• The Octonaut@mander.xyz
    link
    fedilink
    English
    arrow-up
    24
    ·
    23 hours ago

    the accepted terminology

    No, it isn’t. The OSI specifically requires the training data be available or at very least that the source and fee for the data be given so that a user could get the same copy themselves. Because that’s the purpose of something being “open source”. Open source doesn’t just mean free to download and use.

    https://opensource.org/ai/open-source-ai-definition

    Data Information: Sufficiently detailed information about the data used to train the system so that a skilled person can build a substantially equivalent system.
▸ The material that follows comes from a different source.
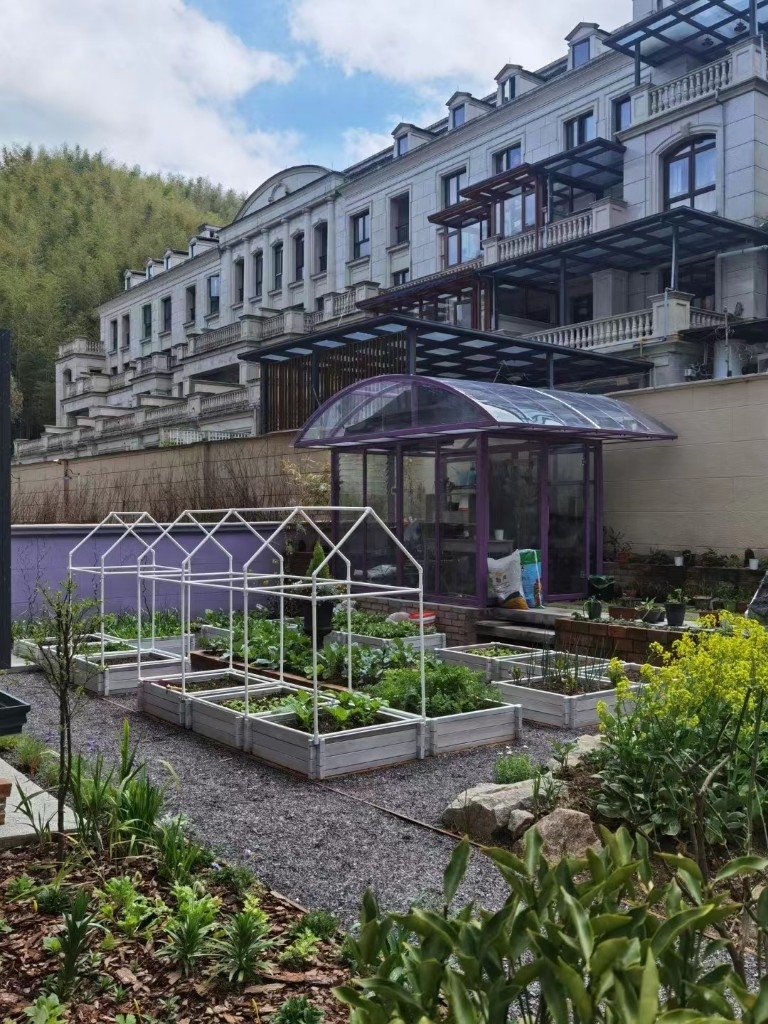47岁的朱露依家在顶楼,有60多个平方米的露台,她喜欢种花已经20多年,自从新冠肺炎疫情发生后,她觉得菜园会带来更大的便利,再加上新房光是院子就有300多平方米,从去年5月份开始,没等住进去,她就在里面种起了菜。

Data Information shall be made available under OSI-approved terms.

    In particular, this must include: (1) the complete description of all data used for training, including (if used) of unshareable data, disclosing the provenance of the data, its scope and characteristics, how the data was obtained and selected, the labeling procedures, and data processing and filtering methodologies; (2) a listing of all publicly available training data and where to obtain it; and (3) a listing of all training data obtainable from third parties and where to obtain it, including for fee.

    As per their paper, DeepSeek R1 required a very specific training data set because when they tried the same technique with less curated data, they got R"zero’ which basically ran fast and spat out a gibberish salad of English, Chinese and Python.

    People are calling DeepSeek open source purely because they called themselves open source, but they seem to just be another free to download, black-box model. The best comparison is to Meta’s LlaMa, which weirdly nobody has decided is going to up-end the tech industry.

    In reality “open source” is a terrible terminology for what is a very loose fit when basically trying to say that anyone could recreate or modify the model because they have the exact ‘recipe’.